The women’s sparse closets are shocking by current U.S. standards. Most owned as few as three and half blouses, and maxed out at 11. These days we tend to own more clothing—a lot more. Data is scarce on men (because stereotypes) but a 2014 Alliance Data survey found that 37 percent of women own between 25 and 49 blouses. This uptick in our shopping habits means increased waste. Fast fashion retailers like H&M and Zara deliberately design their clothes to be worn only a handful of times and textiles are difficult to recycle, so some 85 percent of our outfits end up in landfills.

In 1960, the average American produced 20 pounds of textile waste per year. By 2010, that number had soared to 85 pounds of textile waste per person, according to data from the Environmental Protection Agency.
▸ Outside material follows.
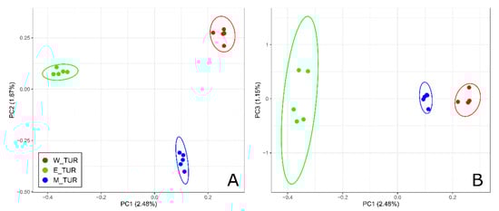 Principal component analysis (PCA) of the groups of Caucasian tur (Capra caucasica): (A) the first two components (PC1 and PC2), (B) the first and third components (PC1 and PC3). W_TUR = West-Caucasian tur, E_TUR = East-Caucasian tur, M_TUR = Mid-Caucasian tur.

At the annual meeting of the American Chemical Society this week, researchers from Finland’s Aalto University presented a new recycling method that might make our frenzy for fast fashion just a little bit more sustainable.

To understand what the researchers accomplished, you first have to understand what currently passes for fabric recycling. Most clothing isn’t actually recycled; it’s reused. Some of it ends up on the shelves of local thrift stores and second-hand shops, but most of our ironic t-shirts and fashion missteps are shipped to countries in Asia and Africa, where development experts argue their influx hurts local textile markets. A smaller amount is cut down to make industrial cleaning rags and insulation, while an even smaller percentage is turned back into raw fiber elements, a process known as fiber conversion. Fabric conversion sounds fancy, but in practice it’s pretty barbaric.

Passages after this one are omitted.